- Untitled – Paris, 1976
- New York A to Z – T, New York, 1975
- New York A to Z – Q, New York, 1975
- Political Posters – Elect. New York, 1974
ERNEST STONE | 1918-1992
erneststone.com
Contact Melissa Berman at erneststoneart@gmail.com
Ernest Stone was a very public figure in New York City in the ‘60s, ‘70s and ‘80s —
a top 40 disc jockey with WMCA, broadcast personality on WNET Channel 13, actor,
and founding member of Off Broadway’s respected repertory company New Stages.
But privately, he led a second creative life, as a photographer. Walking miles each day
through the neighborhoods of NYC, he was an intrepid chronicler of a city in a time of
transition and upheaval, on the razor’s edge between the classical and the modern.
For two decades, Stone, who was born and raised in Flatbush Brooklyn to immigrant
parents, explored his adult home of Manhattan capturing the landscape, politics,
counter-culture and people. He also experimented in abstracts, still life, and a
personal study of the shifts in a post-war Europe.

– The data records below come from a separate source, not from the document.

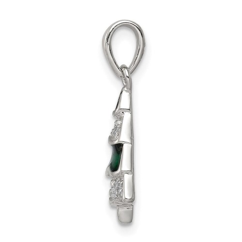 Sterling Silver Rhodium-plated CZ and Enameled Christmas Tree Pendant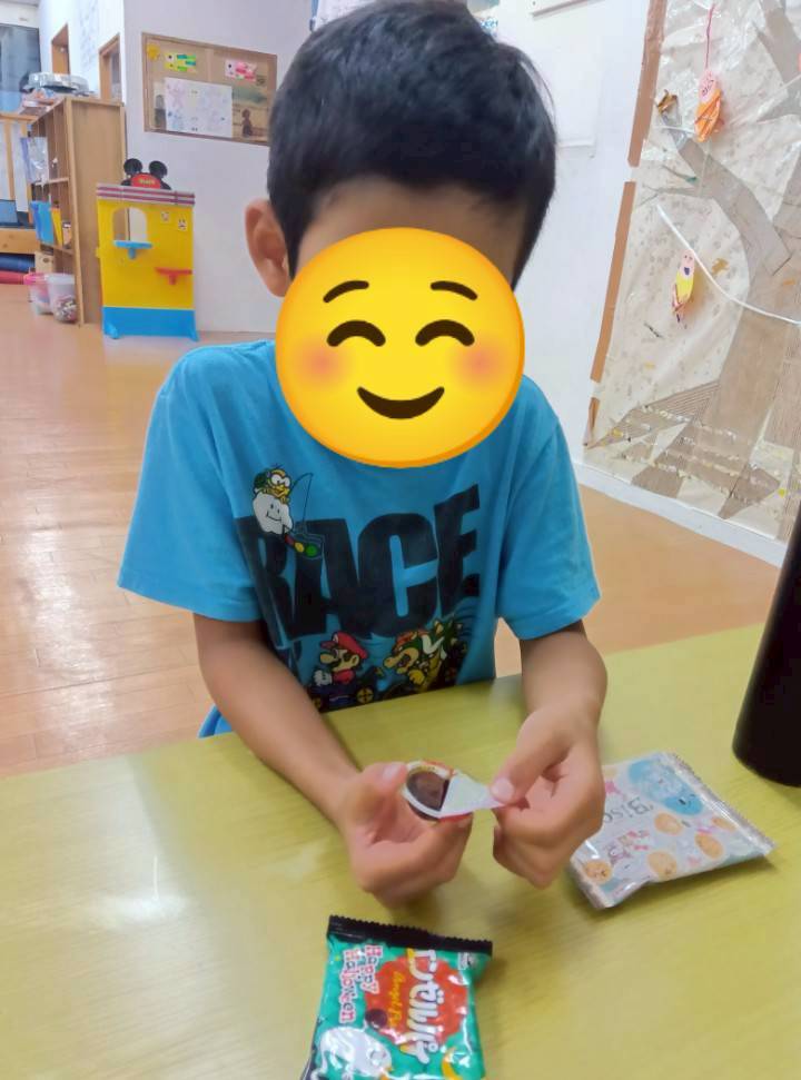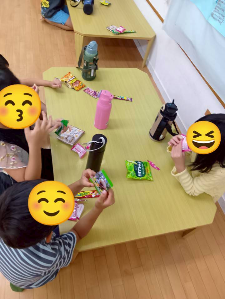 普段のおやつは職員さんが子どもたちの好きなお菓子を選んで準備するのですが今日はたくさんの駄菓子やお菓子の中からそれぞれ、自分好みの「マイ おやつ」を選んでゲットしていきます🥰😉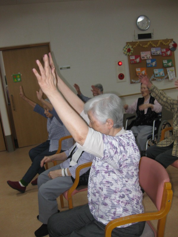 毎月様々なリモート体操が行われます。体操の時間をご利用者様は楽しみにしており、終わった後も「こんな感じの体操だったよ」と職員に教えてくれます。

Except for a one-man show at the Rina Gallery in 1974 (entitled “New York A to Z”), Stone
eschewed the business side of fine art, preferring to keep his work almost entirely private.
Just before his death in 1992, he told his niece he was “ready for my work to be out in
the world.” Today, she is working with Augusta Edwards Fine Art to present his story and
his extensive archive, including a series of collages that supplement his photography in
intriguing ways.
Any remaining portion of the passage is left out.